In chaotic Venezuela, guerrillas from Colombia find new territory to grow

With dark curly hair and a wiry frame, the 29-year-old gold miner said she had grown used to the violence, lawlessness and the rule of strongmen in southeastern Venezuela.

For years, the muddy patch of land that she worked with her family had been trapped in a turf war between rival gangs that left dozens dead.

But life changed abut a year ago when a new gang arrived: Colombia’s National Liberation Army, or ELN.

The miner said more than 100 well-armed ELN soldiers — hauled in by truck and wearing unmarked fatigues — descended on her isolated mining village along the border with Guyana and almost 500 miles away from the Colombian border.

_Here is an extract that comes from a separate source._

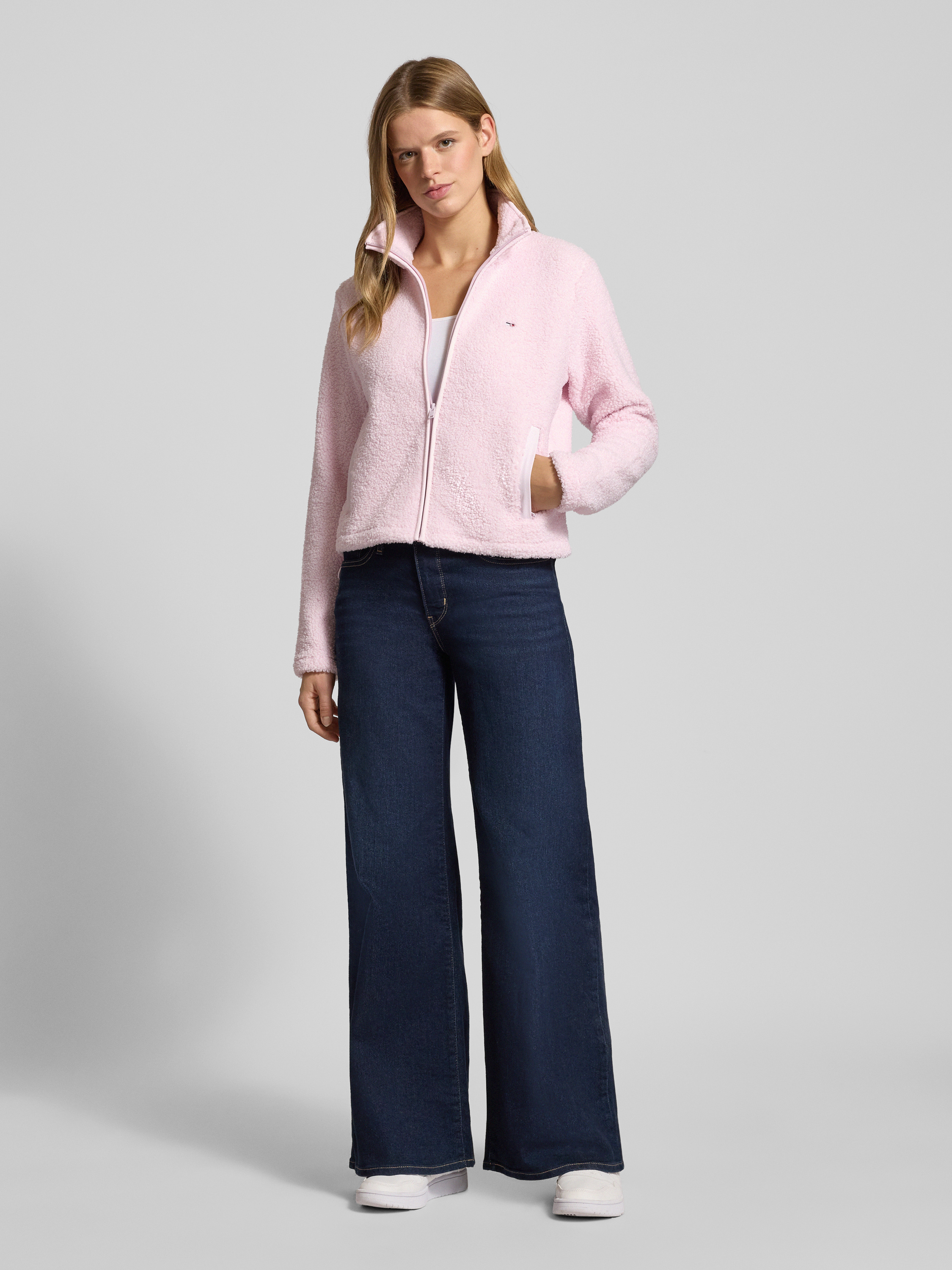 Die Regular Fit Teddy-Jacke von Tommy Jeans präsentiert sich in unifarbener Optik und lockerem Schnitt, wodurch sie vielseitig kombinierbar bleibt. Das angenehm weiche Teddyfell sorgt für eine behagliche Haptik, während der Stehkragen und die langen Ärmel Schutz bei kühleren Temperaturen bieten. Dezentes Logo-Stitching setzt einen feinen Akzent.
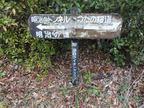 ここで右は旧街道・峠越え、左は明治トンネルへ先に進んでいたグループは左へ行ってしまった、立派な格好だったが峠越えはしないんだ。 |

“People were saying ‘the guerrillas are coming, the guerrillas are coming from Colombia,’” recalled the woman, who asked to remain anonymous out of fear her family could face retaliation. “And then from one day to the next, they were there.”

The guerrilla group has been present along the Venezuelan-Colombian border for decades, but there are indications that the Marxist-inspired rebels are growing stronger and more brazen as they capitalize on the general chaos and security breakdown in Venezuela.

On Thursday, Javier Tarazona, with the Venezuelan human rights group REDES, asked Venezuela’s attorney general to investigate a spate of homicides and kidnappings along the border that he attributes to the ELN and other Colombian gangs.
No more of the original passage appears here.